Ao se comparar com os amigos, as crianças lançam mão de um argumento sofisticado: sabem que pertencem a um grupo e que o pertencimento diz respeito também a certos tipos de ações e práticas compartilhadas. Logo, se Fulana e eu fazemos parte de um mesmo grupo, por que eu também não posso ter as mesmas coisas que ela?
A pergunta é legítima e a resposta, embora seja simples, atravessa algumas camadas de argumentação e compreensão. Vamos a elas.
Primeiro, porque pertencer a um grupo não significa mimetizá-lo. Um grupo não é uma unidade coesa e uniforme, ele compreende singularidades e diferenças. Portanto, fazer parte ou pertencer a um grupo não significa aderir de maneira inequívoca a todas as suas práticas.
Outro ponto diz respeito ao iPhone propriamente dito. Sabemos que cada família terá seus próprios critérios, mas é bom que partilhemos aqui de algumas ponderações. Um iPhone ou smartphone não são objetos destinados ao público infantil. São antes um instrumento de trabalho e socialização que permite múltiplas possibilidades interativas e acesso irrestrito a uma vasta gama de portais, aos quais não temos como controlar. Como adultos, no entanto, temos algum discernimento dos riscos em jogo, o que não é o caso das crianças.
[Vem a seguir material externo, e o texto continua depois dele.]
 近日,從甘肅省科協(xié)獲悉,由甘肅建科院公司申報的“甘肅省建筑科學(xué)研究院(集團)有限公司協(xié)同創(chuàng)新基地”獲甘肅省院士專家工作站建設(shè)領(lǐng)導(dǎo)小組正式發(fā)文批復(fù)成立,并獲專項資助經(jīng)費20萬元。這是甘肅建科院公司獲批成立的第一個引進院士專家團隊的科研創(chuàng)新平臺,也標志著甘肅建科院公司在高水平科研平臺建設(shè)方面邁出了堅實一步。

Uma criança não necessita de um smartphone. Ele não responde às suas necessidades de brincadeira e interação no mundo presencial, além de representarem quase que um passaporte de acesso direto a conteúdos da vida adulta, a que as crianças ainda não têm maturidade para enfrentar.
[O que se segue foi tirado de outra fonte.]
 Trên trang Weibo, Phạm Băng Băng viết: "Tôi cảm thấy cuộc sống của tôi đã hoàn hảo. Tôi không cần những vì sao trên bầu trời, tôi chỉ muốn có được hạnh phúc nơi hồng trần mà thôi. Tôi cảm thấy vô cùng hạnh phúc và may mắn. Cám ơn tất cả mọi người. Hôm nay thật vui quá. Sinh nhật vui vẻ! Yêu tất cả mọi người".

Defensores do uso das tecnologias podem argumentar que hoje em dia é preciso que haja um investimento em letramento digital, desde cedo. Também aqui há ressalvas. É fato que a linguagem digital faz parte de nossa realidade. No entanto, portar um smartphone próprio equivaleria a dar um carro na mão de alguém que, antes, precisa aprender a andar, a pedalar com destreza, fortalecer os músculos das pernas, ganhar fôlego, entender as engrenagens das interações interpessoais e arcar com as responsabilidades de eventuais maus usos desta tecnologia.
No lugar de pais, é importante percebermos que nem todo pedido formulado configura-se como um desejo de fato. Muitas vezes a criança quer sondar o terreno, ver como pensam seus pais, observar que argumentos eles se utilizam para sustentar ou não suas decisões. Trata-se de um teste. A criança quer saber porque não deve ter um celular e entender-se segura com a decisão dos adultos responsáveis por ela. Por vezes, uma resposta coerente e segura é o suficiente.
Nem todo pedido é formulado com a intenção de ser atendido, é bom que se diga. Pensemos no Papai Noel. Quando uma criança começa a se questionar sobre sua existência, ela faz perguntas, o que não significa que deseje a confirmação imediata e unívoca de que “não, ele não existe”. Ela está em dúvida, questionando as evidências, colecionando pistas para elaborar suas conclusões a seu próprio tempo. Que possamos, como adultos, sustentar esse tempo de investigação, sustentar a dúvida sobre a existência do Papai Noel, como também o pedido por um celular.
Tanto no caso do celular como no do Papai Noel, trata-se de um ensaio para o crescimento, um desejo sempre ambíguo, povoado por quereres e desistências, pela vontade de crescer e de poder esticar a infância um pouco mais.
Há ainda um terceiro elemento que diz respeito ao status que envolve possuir um celular, especialmente um iPhone, e sentir-se valorizado por isso. Quantas pessoas no Brasil têm condições de ter um desses? Aqui, ele se torna claramente um objeto fetiche, símbolo de posição social e muito mais a serviço da ostentação do que de uma suposta necessidade.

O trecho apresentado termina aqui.